UNITED STATES DISTRICT COURT FOR THE NORTHERN DISTRICT OF FLORIDA TALLAHASSEE DIVISION
May 12, 2015
Case No. 4:14cv143-RH/CAS (N.D. Fla. May. 12, 2015)

Opinion

Case No. 4:14cv143-RH/CAS

05-12-2015

NATHANIEL C. McCLAIN, Petitioner, v. JULIE L. JONES, Secretary, Florida Department of Corrections, Respondent.


REPORT AND RECOMMENDATION TO DISMISS § 2254 PETITION

Petitioner Nathaniel C. McClain, proceeding pro se, filed a petition for writ of habeas corpus pursuant to 28 U.S.C. § 2254, dated January 1, 2014, and docketed in this Court on March 14, 2014. Doc. 1. Petitioner challenges his 1976 conviction and sentence entered by the Second Judicial Circuit, Leon County, Florida, after his entry of a guilty plea, in case number 1976-324-CF. Id.

On March 10, 2015, Respondent filed a motion to dismiss the habeas petition, with attached exhibits. Doc. 22. Respondent asserts the petition should be dismissed as untimely. Id.

Petitioner has filed a reply. Doc. 24. Petitioner has also filed a supplement to his reply. Doc. 25; see Doc. 26.

The matter was referred to the undersigned magistrate judge for issuance of all preliminary orders and any recommendations to the district court regarding dispositive matters, pursuant to 28 U.S.C. § 636 and Northern District of Florida Local Rule 72.2(B). After careful consideration, the undersigned has determined no evidentiary hearing is required for the disposition of this matter. See Rule 8(a), R. Gov. § 2254 Cases. The pleadings and attachments before the Court show that the petition is untimely and should be dismissed. See Rule 4, R. Gov. § 2254 Cases in U.S. Dist. Cts (authorizing dismissal "[i]f it plainly appears from the petition and any attached exhibits that the petitioner is not entitled to relief" in federal court).

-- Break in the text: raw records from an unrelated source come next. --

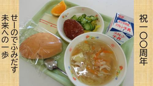 11/22(水)今日の給食 ぎゅうにゅう パーカーハウスパン ポテトとキャベツのスープ にこみハンバーグ ゆでやさい オレンジ スライスチーズ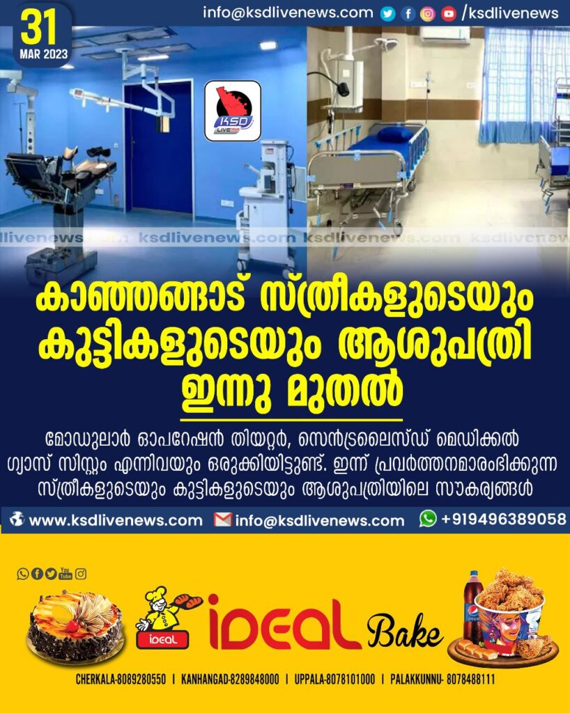 കാഞ്ഞങ്ങാട് സ്ത്രീകളുടെയും കുട്ടികളുടെയും ആശുപത്രി ഇന്നുമുതൽ
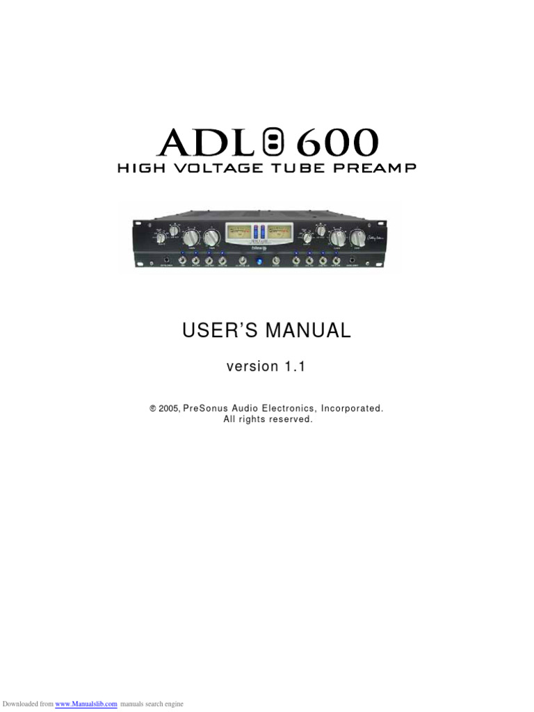 Thank you for purchasing the PreSonus ADL 600. The ADL 600 utilizes the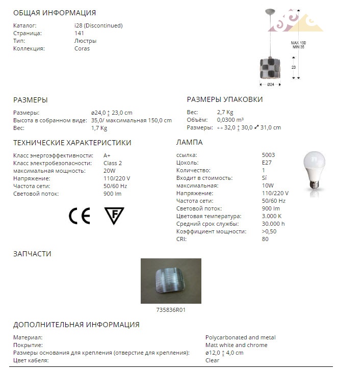 Высота:23 смПодвесной светильник SCHULLER CORAS Art.735648 с плафоном, образованным пластинами из поликарбоната с рифлёной поверхностью. Каркас из металла с серовато-белым матовым покрытием и покрытием "хром". Нижний рассеиватель, 1 E27 LED 10W.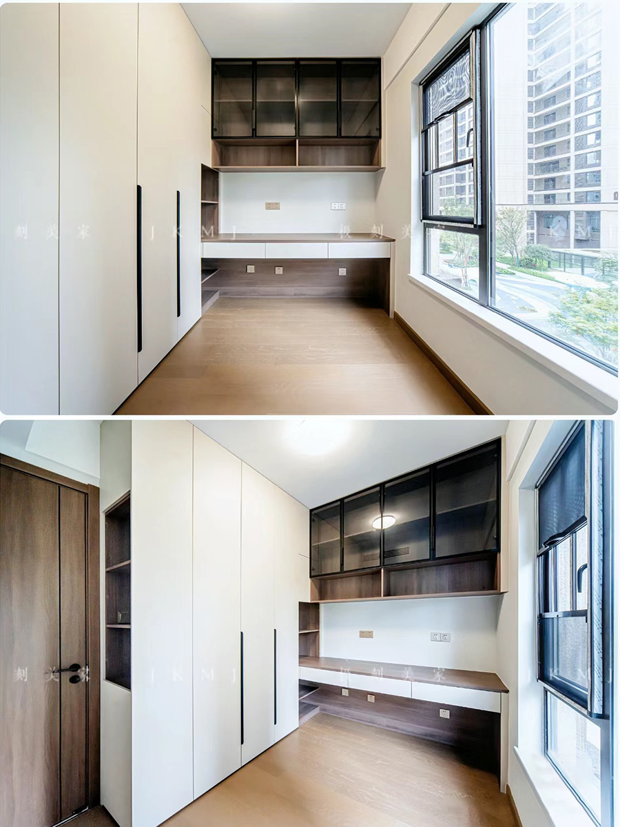 書房采用書桌衣柜一體化設(shè)計(jì),搭配玻璃柜門,更有層次感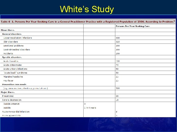Balancing the Different Levels of Care v In an article entitled "The Ecology of Medical Care" published over 4 decades ago, Kerr White recorded the monthly prevalence of illness for a general population of 1000 adults. v In this group, 750 experienced one or more illnesses or injuries during the month. Of these patients, 250 visited a physician at least once during the month, nine were admitted to a hospital, and only one was referred to a university medical center.
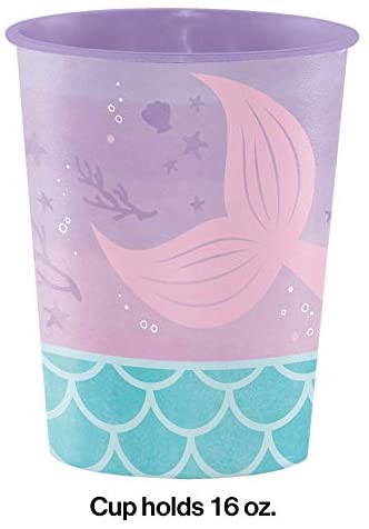 8 Iridescent Mermaid Party 48 oz Favor Cups Decorative cup holds 16 oz Made of premium plastic allowing for reuse Perfect for iridescent mermaid-themed parties Can be coordinated with any of our other Iridescent Mermaid party supplies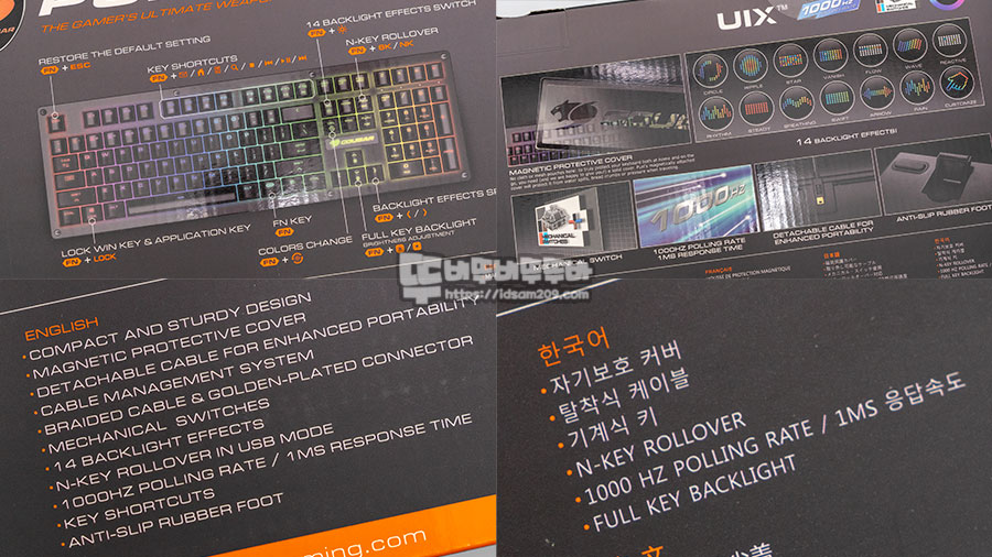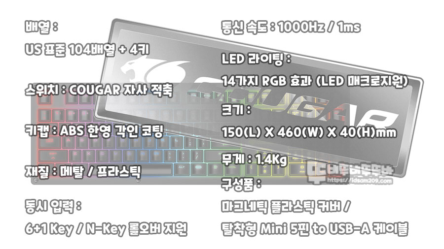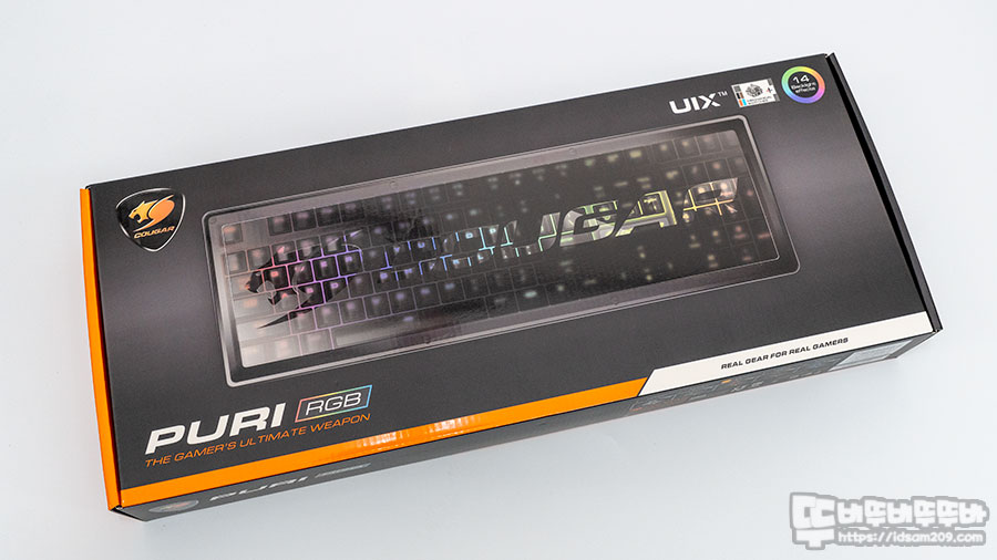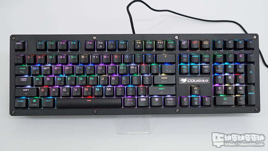 쿠거에서 개발한 자체 스위치를 사용한 COUGAR RURI RGB 키보드는 14가지 LED 이펙트와 LED 매크로 지원하는 풀배열 게이밍 키보드로 1000Hz/1ms 반응 속도와 블링블링한 LED 광량이 일품인 제품인데요.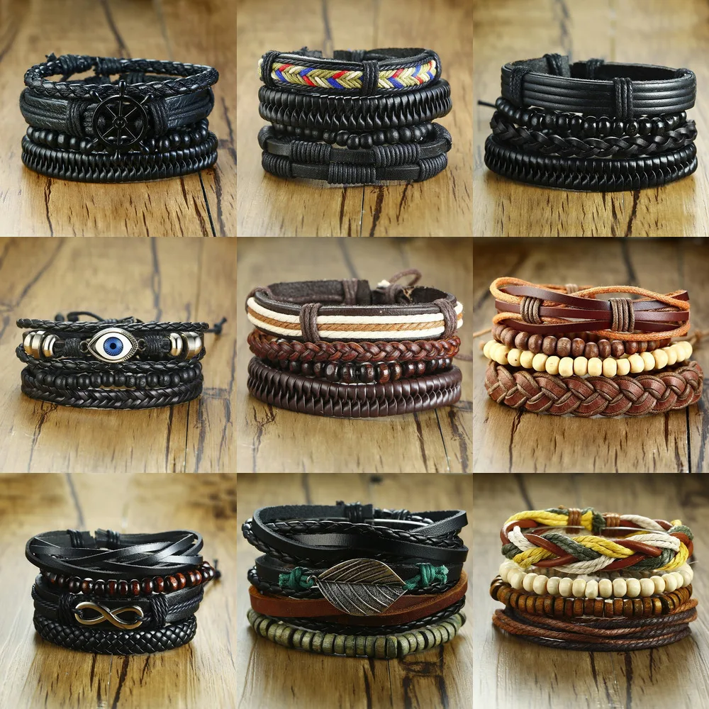 4Pcs/ Set Leather Bracelets Braided Wrap for Men Women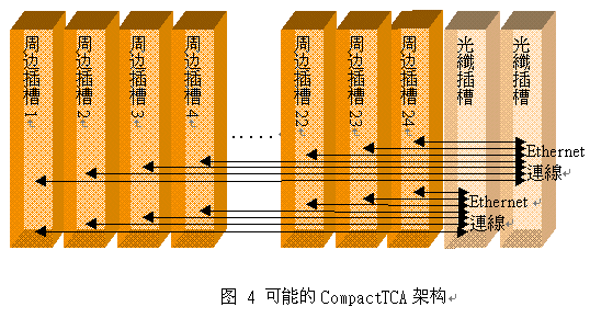 3.0)所定義的系統(tǒng)管理能力、PICMG 2.0所定義的標(biāo)準(zhǔn)機(jī)箱(Form Factor)及PICMG 2.16所定義的數(shù)據(jù)傳輸。這種架構(gòu)將不包含PCI總線,在此架構(gòu)下的系統(tǒng)將能夠支持24個(gè)外圍插槽與2個(gè)光纖插槽。摒除PCI總線將可降低CompactPCI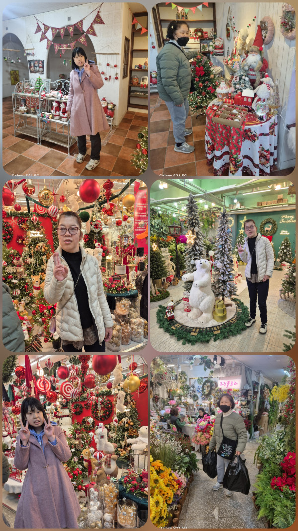 오전 크리스마스 트리용품 구입하러 평화시장 구경갔다왔어요 예쁜 트리들도 보고 사진도 찍고 물품구입도했어요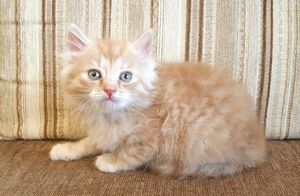 Красавчик-карапузик, пушистый малыш с нежной шерсткой, даже не рыжий, а скорее персиковый, веселый, как солнечный зайчик. Игривый, как все малыши, деловой, любопытный шалунишка, умеет ловить плюшевых мышек и громко петь песенки на ручках. Будет настоящий Рыжий Кот, когда вырастет, а пока еще маленький.
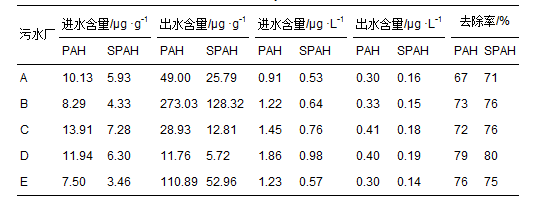 2.1 污水處理廠中PAH及SPAH的總質量濃度及去除率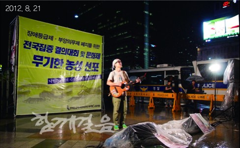 대화의 분위기를 바꿨다. 독자 여러분들이 박준 씨를 가장 많이 만나는 곳은 다름 아닌 거리의 현장 아닌가. 그렇다면 무대에서 여러 분들을 만나게 될 때는 어떤 마음으로 마주하게 되는지를 물었다. 무조건 식구 같단다. 그리고 무대를 무대라고 생각해 본 적이 없다고 한다. 무대의 눈높이가 싫기 때문이란다. 그래서 바닥에 늘 내려와서 함께 노래를 하게 된다고 한다. 무대라는 건 앞에 앉아 있는 장애인 동지들이 없으면 아무런 의미가 없는 건데, 무대라는 게 항상 커 보이는 게 싫어서 눈높이를 맞추고자 늘 아래로 내려가곤 한단다. 무대와 관중 또는 무대와 객석이란 이분법이 아니라, 함께해야 하고 함께하겠다는 그 마음을 나누는 공간이어야 하며, 자신 스스로도 장애인 주체이기에 더더욱 함께해야 한다는 마음을 앞세우게 된다고 했다.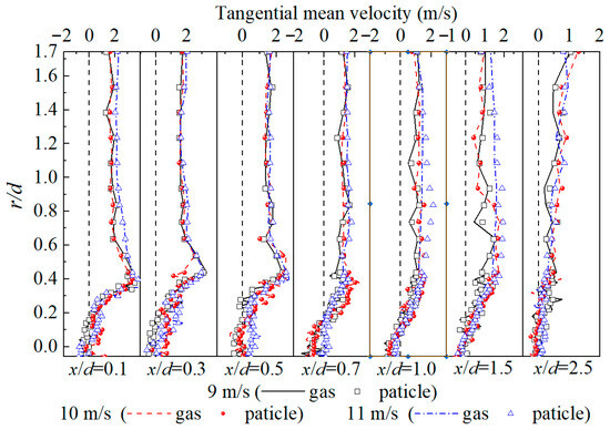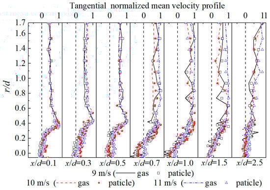 The tangential normalized mean velocity profiles at the outlet of the novel stable combustion burner under different primary air velocities are shown in Figure 12. The shapes of the tangential normalized mean velocity distribution curves under different primary air velocities are similar, consistent with the trend in Figure 10. Outside the burner nozzle, the tangential normalized mean velocity of the two-phase flow exhibits a single-peak distribution along the radial direction, with the peak always located in the swirling secondary air region. Near the nozzle (x/d = 0.1–0.3), the shapes of the tangential normalized mean velocity distribution curves for the two-phase flow under different primary air velocities are basically identical, and their peak positions and magnitudes are also basically the same. Within this range, as the two-phase flow moves away from the nozzle cross-section, the tangential normalized mean velocity does not show a significant decay trend, indicating that the gas particle two-phase flow maintains a relatively stable rotational capability in this area. When the flow develops to x/d = 0.5–1.5, the rotational intensity of the two-phase flow is similar under different primary air velocities. This is because the swirling secondary air plays a dominant role in the tangential velocity distribution, while the direct-flow primary air mainly affects the overall axial movement component of the two-phase flow. It is noteworthy that when the primary air velocity is 10 m/s, the peak value of the tangential normalized mean velocity along the radial direction is the largest, and the two-phase flow exhibits the strongest rotational capability. At x/d = 2.5, the tangential normalized mean velocities of the two-phase flow under different primary air velocities all decay to around zero, reflecting the complete dissipation of rotational momentum in the downstream region. Overall, the tangential normalized mean velocity profiles share consistent physical characteristics with the distribution in Figure 10, verifying the tangential flow characteristics of the burner under different primary air velocities.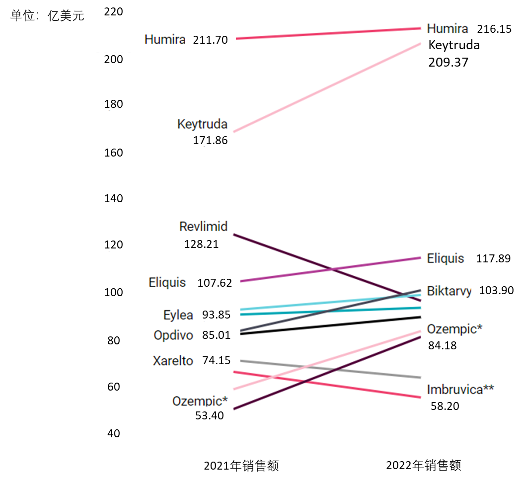 *2022 年新进入非 COVID-19 产品前 10 名行列,**2022 年退出前 10 大非 COVID-19 产品行列。资料来源:Biomedtracker、Scrip、公司报告的数据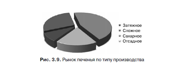 Наиболее удобный способ визуализации сегментов – графический. Обычно сегменты представляют в форме круговой диаграммы, поскольку на ней удобно видеть не только количество сегментов, но и их относительные размеры. Например, ниже показана возможная диаграмма сегментации покупателей печенья по его типу (рис. 3.9).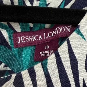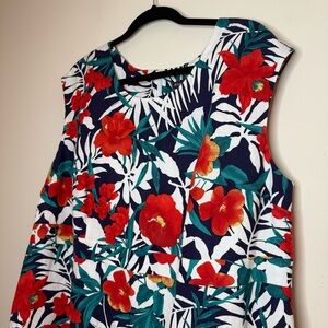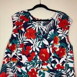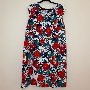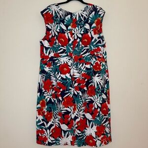 JESSICA LONDON Linen Blend Tropical Beach Red Floral Structured Shift Midi Dress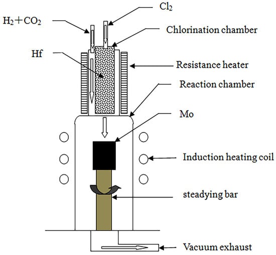 - Chlorination chamber: A 65 mm diameter quartz tube was selected as the chlorination chamber, wherein Hf was heated using a self-assembled resistance furnace, and its temperature was measured with a platinum–rhodium alloy thermocouple. A CY digital display temperature controller was employed to control the temperature in the furnace.

Background and Procedural History

The State of Florida charged Petitioner by indictment on May 12, 1976, with first degree murder, a violation of section 782.04, Florida Statutes, using a firearm in the commission of a felony, a violation of section 790.07(2), Florida Statutes, and three counts of aggravated assault, in violation of section 784.021, Florida Statutes, in connection with events that took place on April 25, 1976, involving the death of George Peoples. Doc. 22 Ex. A. On August 31, 1976, Petitioner, represented by Assistant Public Defender Douglas Kearney, entered a plea to the lesser included offense of second degree murder, along with the remaining offenses. Id. Ex. C. In a written judgment and sentence rendered November 1, 1976, the state trial court sentenced Petitioner to life in prison for the second degree murder offense, ten years in prison for the offense of using a firearm in the commission of a felony, and five years in prison for each of the aggravated assault counts, to run consecutive. Id. Ex. D; see id. Ex. G at 56. Petitioner appealed his judgment and sentence to the First District Court of Appeal (DCA), id. Ex. E, which affirmed the case on April 1, 1977, with a two-sentence opinion, id. Ex. F.

In 1984, Petitioner was released from incarceration and placed on parole. Doc. 22 Ex. QQ; see id. Ex. PP at 4 (Petitioner states he was released on parole on August 28, 1984). Petitioner states that while he was released on parole, he was found guilty of two counts of battery and sentenced to six months in county jail, as well as one year of probation. Id. Ex. PP at 7. In 1991, the Florida Parole Commission entered an order revoking Petitioner's parole. See id. Ex. QQ.

On February 14, 2000, Petitioner filed a motion for post-conviction relief pursuant to Florida Rule of Criminal Procedure 3.850. Id. Ex. G at 1-14. The State filed a response on April 9, 2001, arguing the Rule 3.850 motion was untimely. Id. at 45-47. Petitioner filed a response. Id. at 48-53. In an order entered May 3, 2001, the state post-conviction court denied the Rule 3.850 motion as untimely. Id. at 56-59. Petitioner appealed the order to the First DCA and filed a brief, assigned case number 1D01-2368. Id. Ex. H. On December 4, 2001, the First DCA affirmed the case per curiam, without an opinion. Id. Ex. I. Petitioner filed a motion for rehearing, id. Ex. J, which the First DCA denied by order on January 11, 2002, id. Ex. K. On January 29, 2002, the First DCA issued the mandate. Id. Ex. L.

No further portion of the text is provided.